Kadang mereka juga mengerjakan tugas mereka di kafe ini. Mungkin karena mereka selalu di kantor jadi terlalu bosan, pikirku. Selain bisa mengerjakan proyek juga, mereka dengan santai mengobrol dan membahas apa pun, terlebih tentang pekerjaan mereka. Bukannya aku menguping, tetapi mereka mengobrol dengan suara keras yang terdengar sampai ke dapur.

Tidak semua yang mereka bicarakan selalu kudengar, tapi kali ini aku jadi penasaran karena mereka membicarakan tentang pemilik kafe ini. Walaupun mereka memelankan suara, tetap saja aku bisa mendengarnya dengan jelas. Huft.

Yup, pemilik kafe ini kudengar dari mereka ialah pengusaha muda yang berketurunan Cina, Prancis, dan Jawa. Dia adalah penerus bisnis keluarganya. Kafe ini merupakan salah satu cabang di antara cabang-cadang lainnya di banyak kota besar di Indonesia, juga kafe ini merambah sampai ke luar negeri. Woah, aku baru tahu dari mereka ini. Keren sekali, yabisnis kafe ini, pikirku.

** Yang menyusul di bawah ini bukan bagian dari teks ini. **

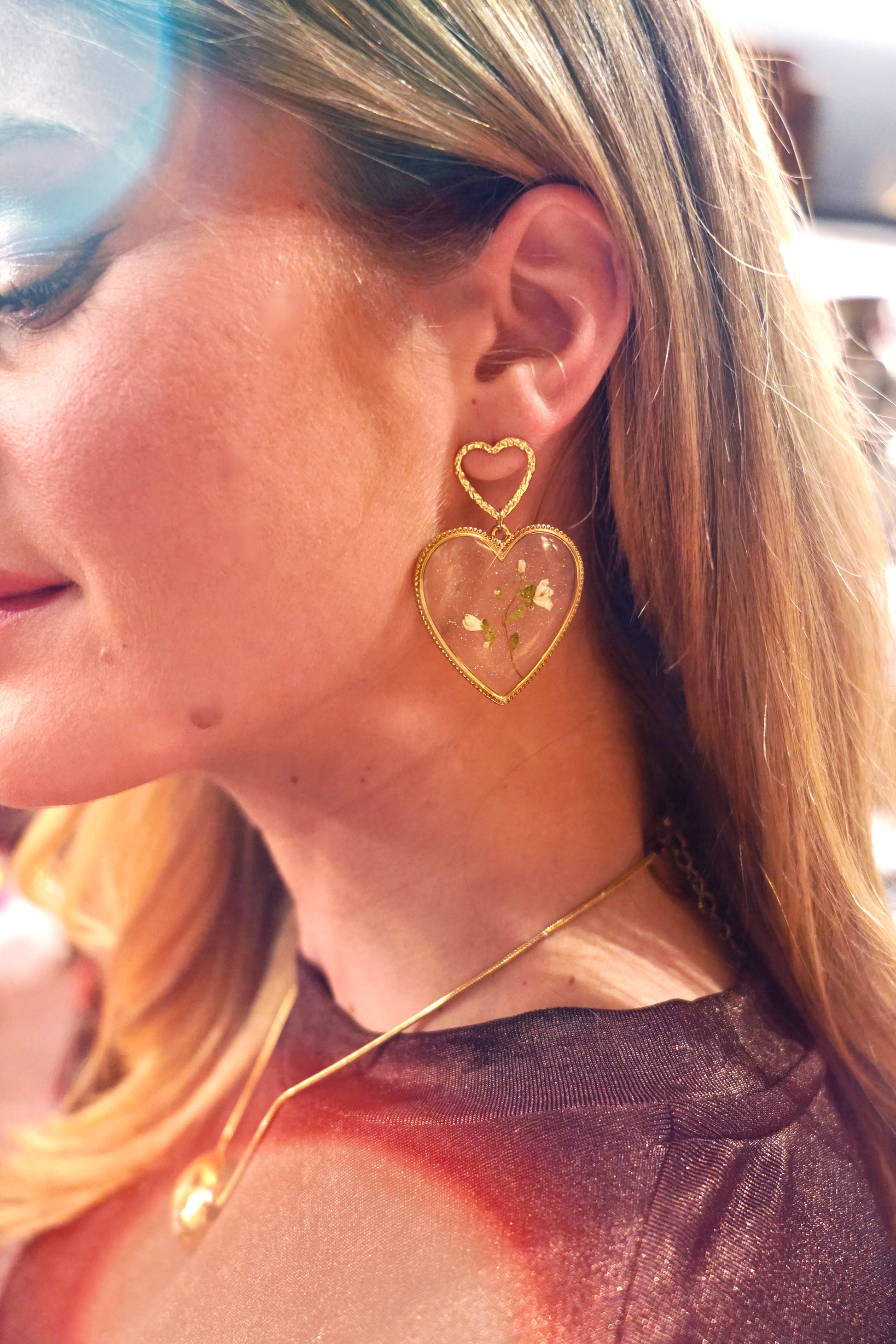 • Intérieur du cœur rempli de petites fleurs séchées incluses dans une résine claire

Karena mendengarkan obrolan itu, aku jadi berkhayal suatu saat nanti aku juga bisa sesukses pemilik kafe ini. Bahkan, aku memulainya dari nol, yaitu sebagai pelayan kafe. Dari sini, aku harus banyak belajar agar ilmunya bisa kuterapkan nanti suatu saat, pikirku. Aku pun tersenyum-senyum sendiri hingga rekanku membuyarkan lamunanku.

“Hei, kenapa kamu senyum-senyum begitu? Lagi suka sama cowok, ya?” tanyanya sambil terkekeh.

“Hah, apaan sih! Jangan mikir yang enggak-enggak, deh. Aku itu lagi berharap kalau suatu saat nanti, aku bisa jadi patissier sekaligus pengusaha, kayak pemilik kafe ini!” Aku menyanggah dengan jawaban yang di luar dugaannya. “Hmm, emang enak. Udah salah tebak, lantang lagi, ahahaha,” tambahku sambil tertawa puas.

“Ih, jangan gitu, dong. Puas banget ngetawain aku,” ujarnya dengan raut muka cemberut. Aku tertawa melihat dia begitu, hingga akhirnya, seorang lelaki tampan memasuki ruang kafe ini. Seketika aku menutup mulutku rapat-rapat.